The Round Table: 06/27/2010

[The Round Table is designed for gamers to come together to debate the real issues. No silly format wars here. Bring your best debating equipment, set up camp and let the discussion fireworks fly. Let’s make progress, let’s come to a consensus on the biggest issues since our realization that games can be something more. We won’t be debating ‘games iz art’ as that’s now pretty much a ‘yes’; we’re going steps beyond and into harm’s way. This is very touchy territory. There are now real rules to debating in The Round Table, other than one – be nice.]

It was 4-2 to Germany. They were a very superior team, I accept that, but that goal should have been allowed or at least properly moderated. How dare they do that. Germany played one of the best matches I’ve seen and England played one of the worst, but anyway, enough about football/soccer/can’t we just call it “Kicky the ball.”?

Maybe next week we’ll have something sports-themed, or sport-game themed or something. Something! For now, let’s have a ruddy good discussion about a question that has haunted me for the past few months. One that I can’t tackle with my essays, yet, and it’ll be something that could be double-edged.

A world without franchises or sequels. Yes, no? Why?

Half-Life 2, Mass Effect 2, GTA San Andreas, Shadow of the Colossus (to an extent) all stem from ‘sequelitus’, a condition where new innovations are built upon a steady foundation.
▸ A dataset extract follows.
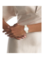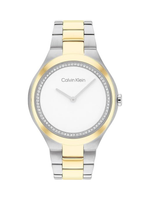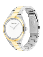 The Calvin Klein Ladies’ Timeless Beauty Quartz Watch is designed for women who appreciate subtle refinement and modern luxury. Featuring a sophisticated round case with an elongated bezel, this 36 mm timepiece elevates any look with its glossy minimalistic dial and crystal-adorned case opening. The two-tone stainless-steel bracelet complements the light gold dial, creating a polished aesthetic that transitions seamlessly from day to night. Powered by precise quartz movement, it offers reliable and low-maintenance performance for everyday wear. The mineral crystal lens provides durable scratch resistance, ensuring lasting clarity and shine. Thoughtfully crafted with Calvin Klein’s signature minimalism, this watch is a timeless accessory and a thoughtful gift for her that blends elegance, quality, and contemporary style.

It’s hard to describe a good sequel, but it’s easy to describe a bad one. Franchises running out of steam are aplenty, just take a look at Sonic, and it’s not exactly good for the industry when our treasured icons start dying like flies.

I don’t know what to answer, but it’s got to be a no. All great films stem from a common foundation, even directors themselves keep their thematics turning and spinning through their works. Maybe if I said yes to this question, I’d be denouncing my favourite film and game at the very same time.